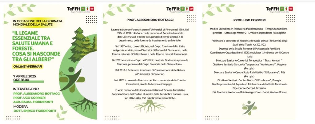 Esperti come il Prof. Alessandro Bottacci e il Prof. Ugo Corrieri parleranno del valore reale delle Foreste per il pianeta, della relazione tra uomo e foresta, degli effetti sulla nostra salute e di Terapie Forestali e Immersioni in Foresta e molto altro.
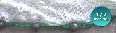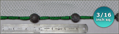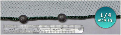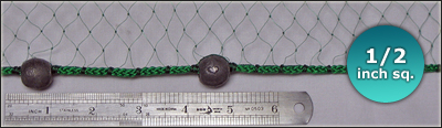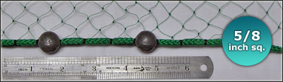- Each lead is securely crimped to lead line, preventing movement and prolong life of net (Except for 1/2" sq. mesh Bait Busters)
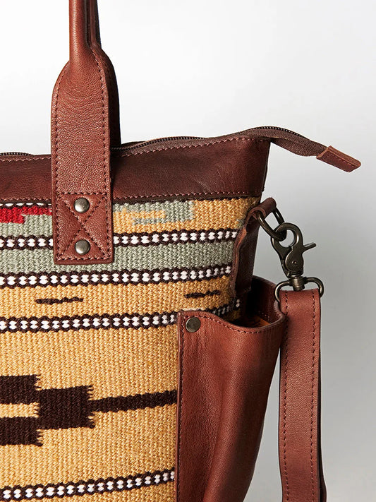Patchwork Embossed Brown Leather Tote Bag - Tooled Handle & Strap Western Satchel
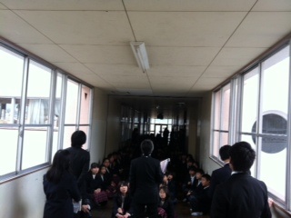 天候が危ぶまれるのでクラス確認をしたあと、新館3Fで待機です。
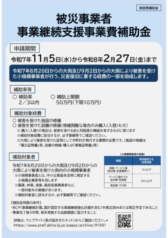 令和7年度被災事業者事業継続支援事業費補助金について(秋田県HP)
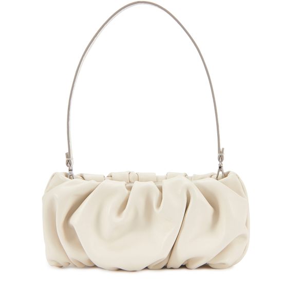 With the Bean bag, Staud presents a piece with an elongated design. This handbag made of soft, pleated leather has a removable shoulder strap.
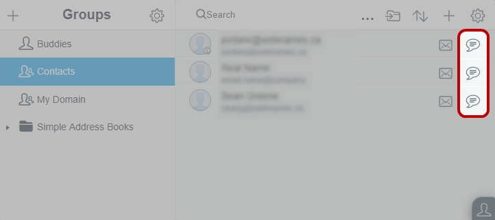 There are many spots in webmail from where you can start a chat: Just click on the Chat icon (bubble).
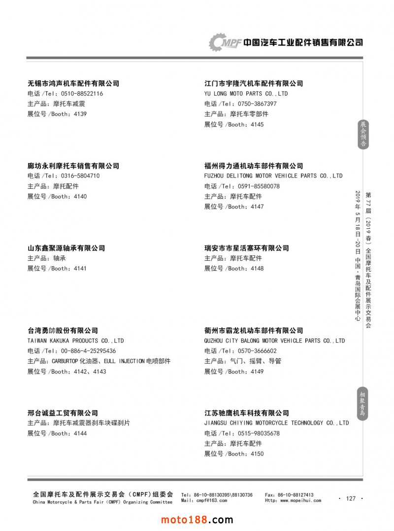 內(nèi)127 第76屆(2018秋)全國摩托車及配件展示交易會(huì)-廣州站參展企業(yè)信息
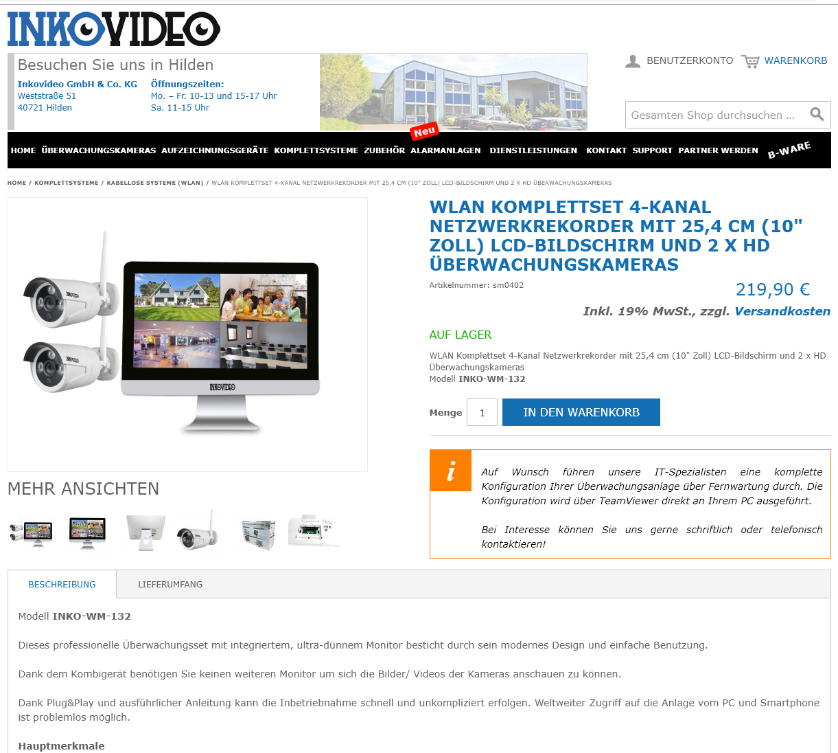 Kurios: Im Inkovideo-Webshop sind zwar 99 verschiedene Überwachungskameras gelistet, aber die mit dem getesteten Set gelieferten Inko-M13-Kameras kann man dort nicht einzeln nachkaufen. Wer vier Kameras braucht und auf eine einheitliche Optik Wert legt, sollte das Set direkt als INKO-WM-134 für 300 Euro mit vier Kameras kaufen.
------
Problem to solve: Please copy the lines exactly, beginning at the one containing "令和7年度被災事業者事業継続支援事業費補助金について(秋田県HP)" and ending at the last line of the records above, both included, with the pictures left out.

Solved problem:
 令和7年度被災事業者事業継続支援事業費補助金について(秋田県HP)
 With the Bean bag, Staud presents a piece with an elongated design. This handbag made of soft, pleated leather has a removable shoulder strap.
 There are many spots in webmail from where you can start a chat: Just click on the Chat icon (bubble).
 內(nèi)127 第76屆(2018秋)全國摩托車及配件展示交易會(huì)-廣州站參展企業(yè)信息
 Kurios: Im Inkovideo-Webshop sind zwar 99 verschiedene Überwachungskameras gelistet, aber die mit dem getesteten Set gelieferten Inko-M13-Kameras kann man dort nicht einzeln nachkaufen. Wer vier Kameras braucht und auf eine einheitliche Optik Wert legt, sollte das Set direkt als INKO-WM-134 für 300 Euro mit vier Kameras kaufen.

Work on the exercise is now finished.